Momentan ist es in den meisten Fällen noch so, dass eine Pflegekraft die Bestellungen der pflegebedürftigen Personen aufnimmt und diese manuell ins Emma-Bestellsystem einpflegt. Unser Ziel ist es, dass in Zukunft ein humanoider Roboter diese Aufgabe übernimmt. In Japan ist dieses Szenario bereits Realität: Ein Roboter wie „Pepper“ oder „Cruzr“ fährt direkt zu den Bewohner*innen und fragt, welche Produkte sie geliefert bekommen möchten. Im Rahmen des Forschungsprojektes entwickeln wir gerade so eine Lösung für den Bestellvorgang.

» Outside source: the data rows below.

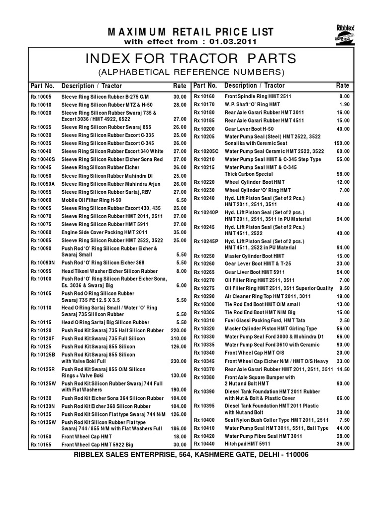 Rx 19655 Steering Kit Kartar Combine 72.00 Rx 19910 Air Cleaner Ring Sonalika 3 Cyl 24.00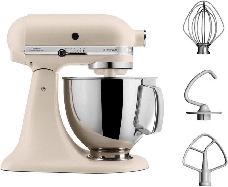 Обратите внимание на цвет миксера Китчен Эйд — кремовый — он может стать как гармоничным дополнением кухонной обстановки, так и ярким акцентом. В комплекте с самим прибором идут дополнительные элементы: венчик для взбивания, крюки для теста, насадка-лопатка для перемешивания.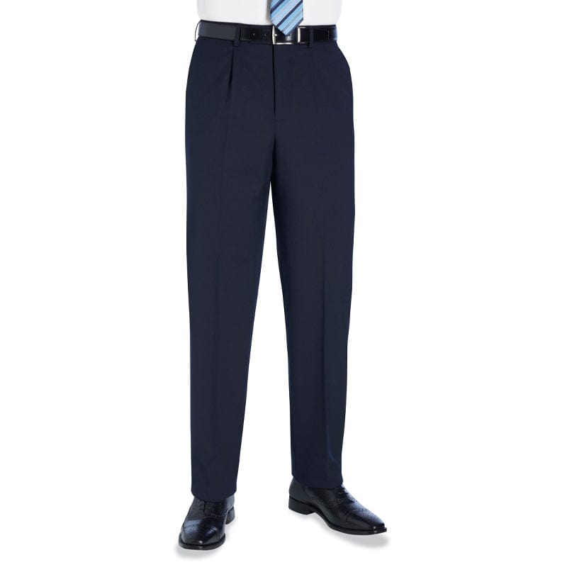 Brook Taverner Langham Single Pleat Trouser in Navy is a classic fit suitable for all formal settings.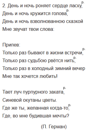Помните ли вы наизусть слова современных песен, романсов? Знаете ли фамилии авторов слов? Проверьте себя и запишите по памяти 2-3 куплета из разных песен или из одной песни, укажите фамилию автора (авторов) слов. Если в тексте есть разделительные знаки препинания, то надпишите над ними букву р.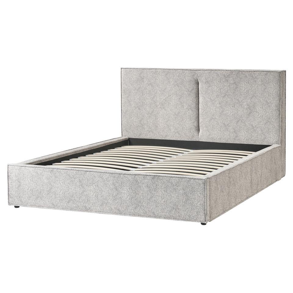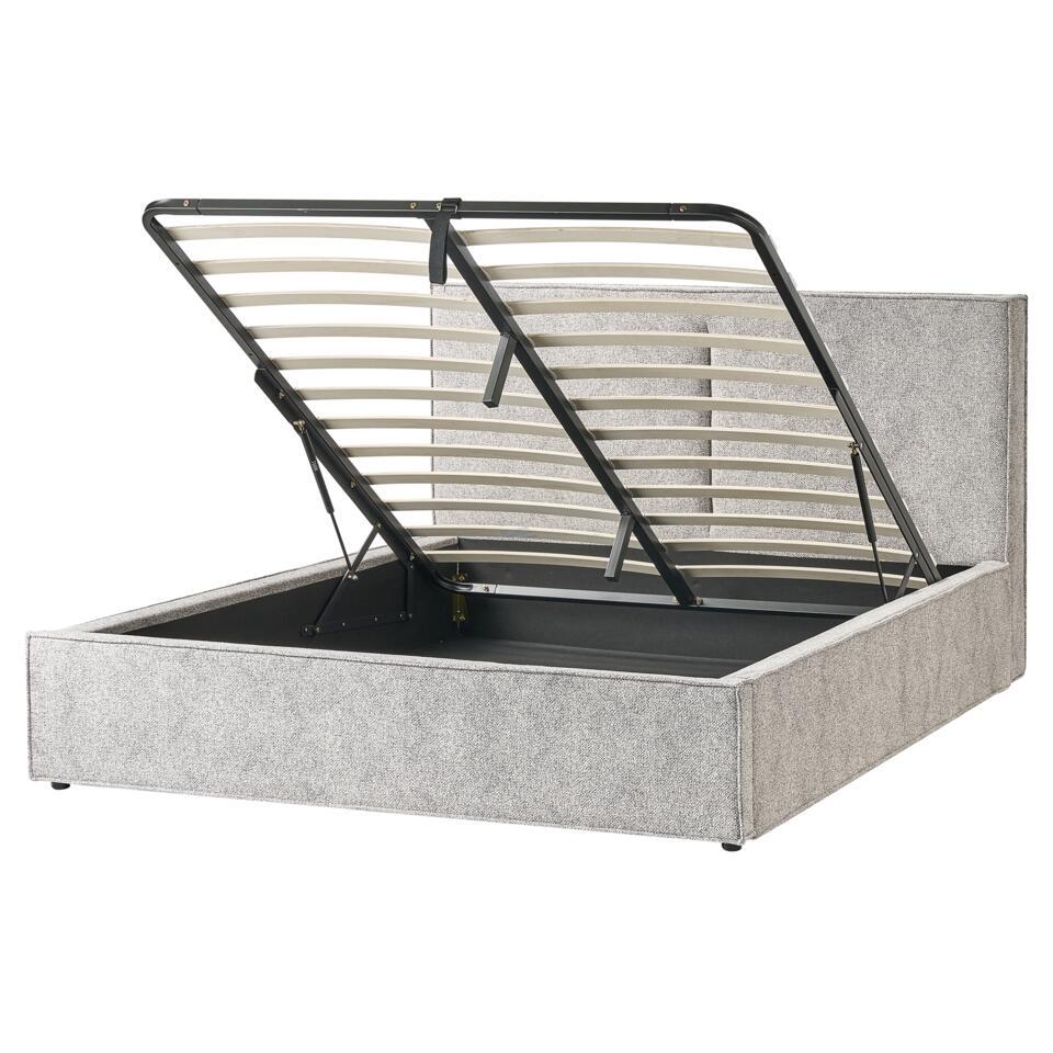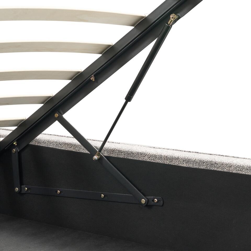 Minimalistisch bed met opbergruimte. Als je op zoek bent naar een bed dat eenvoud, elegantie en comfort combineert, kijk dan niet verder dan dit mooie minimalistische stuk. Dit bed, dat perfect past in moderne en Scandinavische interieurs, heeft een gestroomlijnd silhouet en is bekleed met gebreide veloursstof van hoge kwaliteit. Het gestippelde patroon en de in elkaar overlopende draden van het breisel voegen een subtiele textuur en visuele interesse toe en creëren een zacht, uitnodigend oppervlak dat zowel duurzaam als luxueus aanvoelt. Het bed heeft een opklapbare lattenbodem voor optimaal comfort en ondersteuning, samen met ingebouwde opbergruimte om je beddengoed en andere benodigdheden netjes op te bergen. Dit bed is meer dan alleen een plek om uit te rusten, het is een geraffineerd statement dat zowel de stijl als de gezelligheid van je ruimte verbetert.

In einem zweiten Teil des Konsortiums beschäftigen wir uns mit der Auslieferung der Waren: Während heute noch die Pflegekräfte dafür zuständig sind, die vorsortierten Warentüten mit den Emma-Bestellungen auf die Zimmer der Bewohner*innen zu bringen, soll auch dies in Zukunft ein humanoider Roboter übernehmen. So haben die Mitarbeitenden in der Pflege mehr Zeit für das Wesentliche: den direkten Kontakt mit den alten Menschen.
Wie sehen die nächsten Schritte für Emma im Rahmen von InCa 4D aus, was ein mögliches Geschäftsfeld in der Metropolregion angeht?
Viele Pflegeeinrichtungen in der Metropolregion kennen den Emma-Lieferdienst und seine Vorteile noch nicht. Deshalb arbeiten wir gerade aktiv daran, „Emma“ bekannter zu machen und in noch mehr Altenheimen in ganz Deutschland zum Einsatz zu bringen. Im nächsten Schritt wollen wir dann in unserem Kundenkreis Anwendungspartner für unsere Robotik-Lösung generieren. Unser Ziel ist es, die Emma-Anwendung auf den humanoiden Robotern unter Einhaltung ethischer, rechtlicher und sozialer Aspekte weiter zu optimieren, um das Pflegepersonal noch mehr zu entlasten und gleichzeitig die Lebensqualität der alten und pflegebedürftigen Menschen stetig zu verbessern. Dafür bleiben wir natürlich in ständigem Austausch mit den betroffenen Menschen – denn das ist und bleibt das Erfolgsrezept von Emma.